* **What needs to be done**
Repeat only the lines below that run from the line with "陕西省2025年高三下学期第三次模拟考试 物理.docx" to the line with "Awwww it's sooooo", ends included; skip every picture.

* **Extracted material**
◆ ◆ ◆ ◆ ◆ ◆ ◆

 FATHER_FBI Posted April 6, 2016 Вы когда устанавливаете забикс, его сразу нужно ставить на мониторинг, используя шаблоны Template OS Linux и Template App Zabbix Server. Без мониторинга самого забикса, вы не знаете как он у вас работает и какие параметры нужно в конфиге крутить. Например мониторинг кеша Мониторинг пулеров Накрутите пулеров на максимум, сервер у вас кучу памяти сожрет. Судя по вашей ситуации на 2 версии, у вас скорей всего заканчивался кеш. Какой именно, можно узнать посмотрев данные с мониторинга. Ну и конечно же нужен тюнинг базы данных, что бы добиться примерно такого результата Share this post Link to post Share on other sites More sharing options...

◆ ◆ ◆ ◆ ◆ ◆ ◆

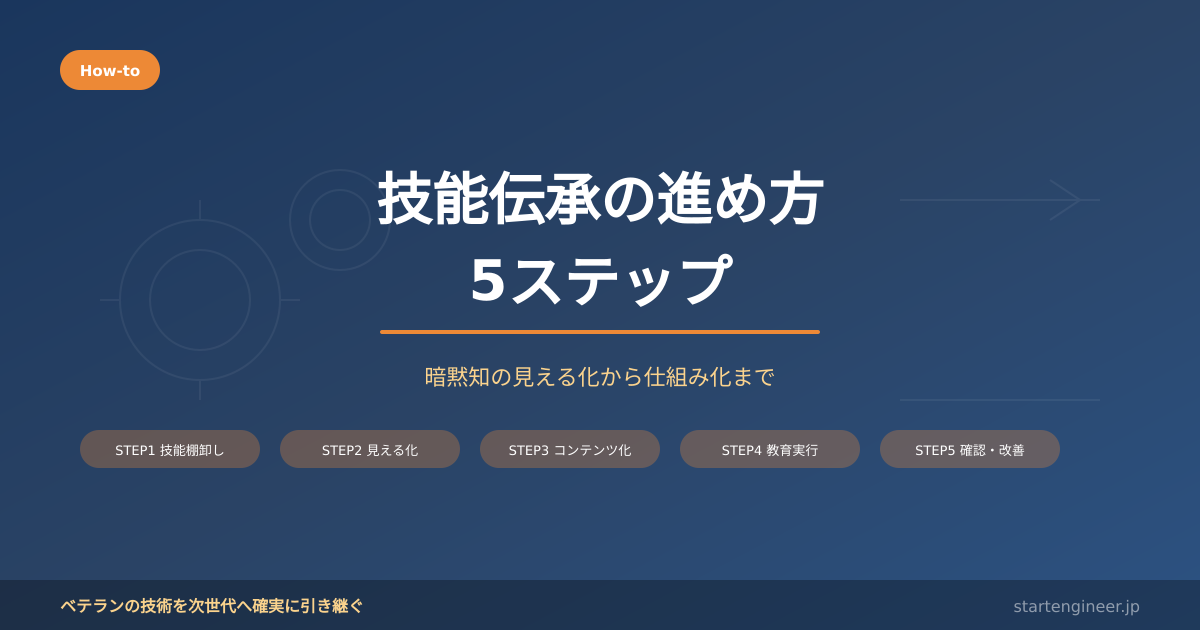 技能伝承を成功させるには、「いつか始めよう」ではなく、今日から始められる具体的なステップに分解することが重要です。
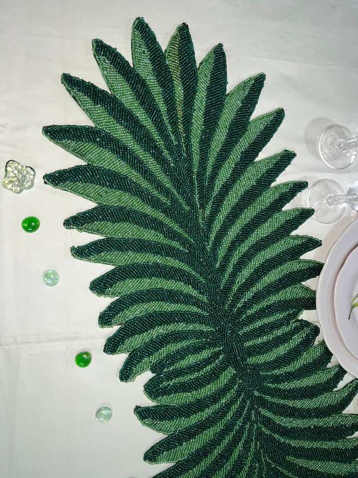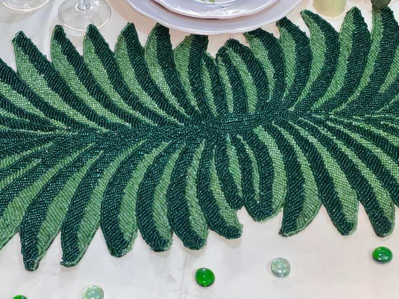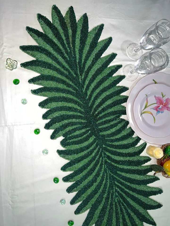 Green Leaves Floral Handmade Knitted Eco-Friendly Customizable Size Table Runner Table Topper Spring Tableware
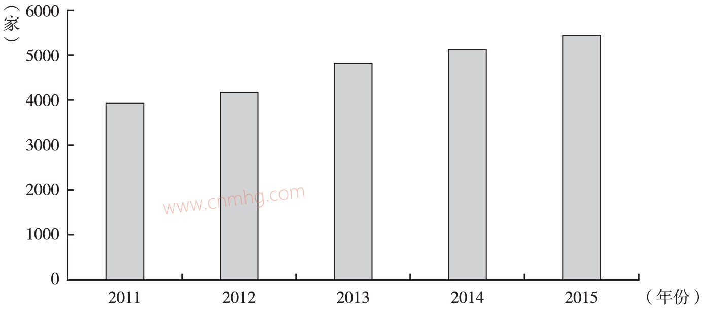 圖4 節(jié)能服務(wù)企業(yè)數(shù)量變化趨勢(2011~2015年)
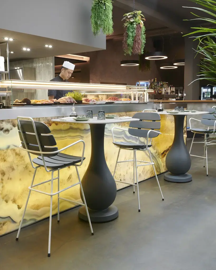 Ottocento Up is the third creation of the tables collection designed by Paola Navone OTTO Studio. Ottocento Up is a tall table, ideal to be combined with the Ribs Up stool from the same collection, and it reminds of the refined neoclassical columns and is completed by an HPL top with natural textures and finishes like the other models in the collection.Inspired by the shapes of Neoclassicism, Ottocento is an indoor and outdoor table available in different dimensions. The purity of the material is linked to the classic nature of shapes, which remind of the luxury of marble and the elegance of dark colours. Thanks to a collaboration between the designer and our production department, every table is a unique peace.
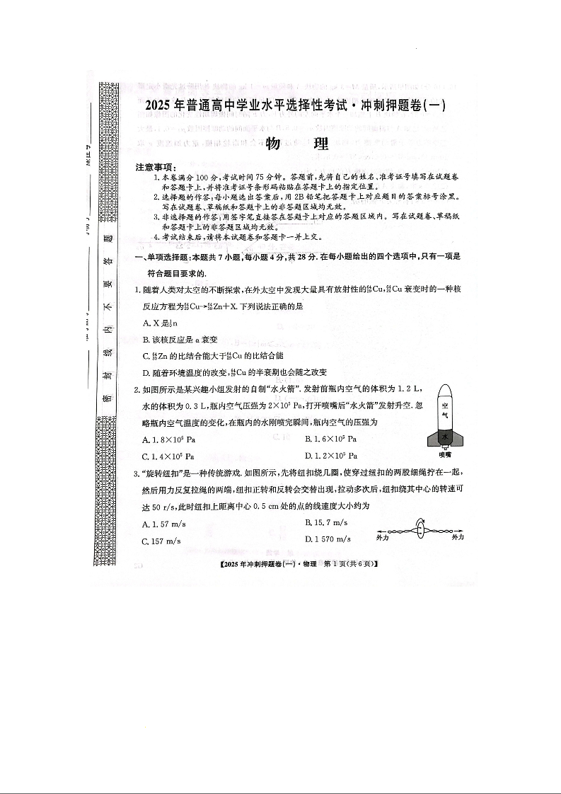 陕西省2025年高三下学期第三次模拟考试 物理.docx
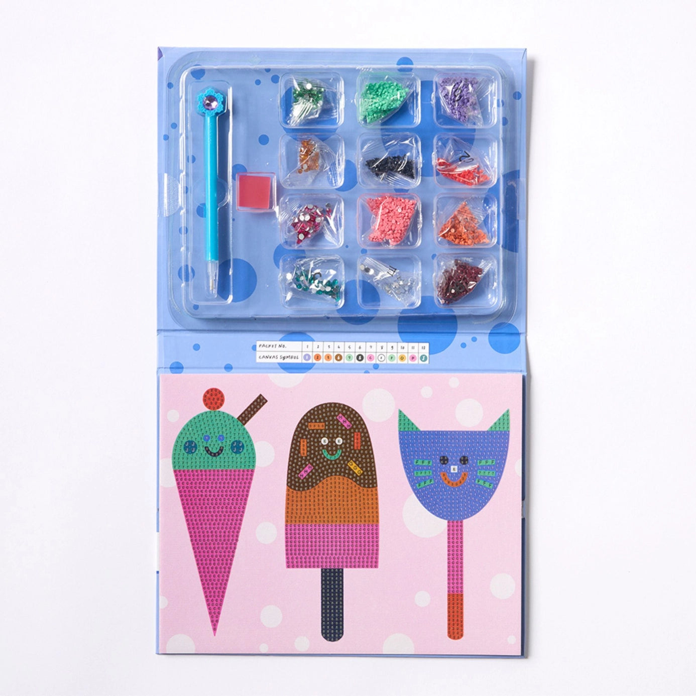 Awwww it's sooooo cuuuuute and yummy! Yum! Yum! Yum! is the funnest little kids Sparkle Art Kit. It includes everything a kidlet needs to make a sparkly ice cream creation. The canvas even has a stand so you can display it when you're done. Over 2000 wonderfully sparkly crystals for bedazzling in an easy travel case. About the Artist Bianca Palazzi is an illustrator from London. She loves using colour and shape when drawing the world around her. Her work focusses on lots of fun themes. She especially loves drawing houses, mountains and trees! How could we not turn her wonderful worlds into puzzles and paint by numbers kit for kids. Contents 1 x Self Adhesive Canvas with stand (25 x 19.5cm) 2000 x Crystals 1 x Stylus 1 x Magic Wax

◆ ◆ ◆ ◆ ◆ ◆ ◆

* **Result for this exercise**
 陕西省2025年高三下学期第三次模拟考试 物理.docx
 Awwww it's sooooo cuuuuute and yummy! Yum! Yum! Yum! is the funnest little kids Sparkle Art Kit. It includes everything a kidlet needs to make a sparkly ice cream creation. The canvas even has a stand so you can display it when you're done. Over 2000 wonderfully sparkly crystals for bedazzling in an easy travel case. About the Artist Bianca Palazzi is an illustrator from London. She loves using colour and shape when drawing the world around her. Her work focusses on lots of fun themes. She especially loves drawing houses, mountains and trees! How could we not turn her wonderful worlds into puzzles and paint by numbers kit for kids. Contents 1 x Self Adhesive Canvas with stand (25 x 19.5cm) 2000 x Crystals 1 x Stylus 1 x Magic Wax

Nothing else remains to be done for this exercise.